Friday, 31 October 2008

Application specific database engines.

I've already written about the fact that databases are increasingly being created to support a single application and Michael Stonebraker has written about the drivers for multiple types of database engines. However, these trends extend much deeper than that.

When packaged applications or services need a storage solution, choosing a traditional relational database system is not necessarily the first choice. Many document management systems, workflow systems, CRM solutions, application servers, etc. exist with their own specialized storage systems. This enables these applications' developers to build a storage engine to meet their own very specific requirements which in turn means that a lot of unnecessary overhead and complexity can be removed from the storage component to deliver the application consistent high performance.

A great example of this that exists on the web is Facebook and the approach that it takes to storing and serving the enormous number of photos that they hold. If you take a look at the presentation needle in a haystack: efficient storage of billions of photos then you'll see how they've built a database engine for images driven by some extreme scaleability requirements. Could they have used a traditional database? ...No. They wouldn't have been able to meet been their performance criteria. They needed to ensure that every I/O that was made was necessary.

Even when a traditional database engine is involved, there can be database-like code sitting in the application to extend the capabilities of the underlying database engine. Database sharding is a good example of this. In this approach, data is federated over a collection of cheap servers to increase scalability and performance.

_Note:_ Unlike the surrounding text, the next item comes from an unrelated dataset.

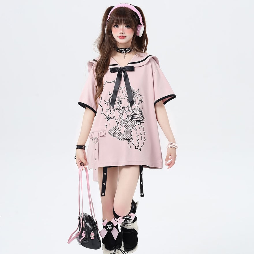 サブカル 服 地雷系 通販 セーラー服風 リボン 二次元美少女 オーバーサイズ 闇かわいい ストリート系イラスト 漫画プリント

Typically the applications that use sharding have the code that distributes the data over the shards and combines the results from the shards within their application code. I've used similar techniques myself before most of the commercial database engines starting supporting partitioning and clustering natively. (Something that MySQL - which most of the sharding practitioners seem to use - has only just started to support.)

Now, not all applications need to go to the extremes of building or augmenting a database storage engine, but for those that just aren't getting enough out of an off-the-shelf database solution, more and more brave souls seem to be taking on the challenge.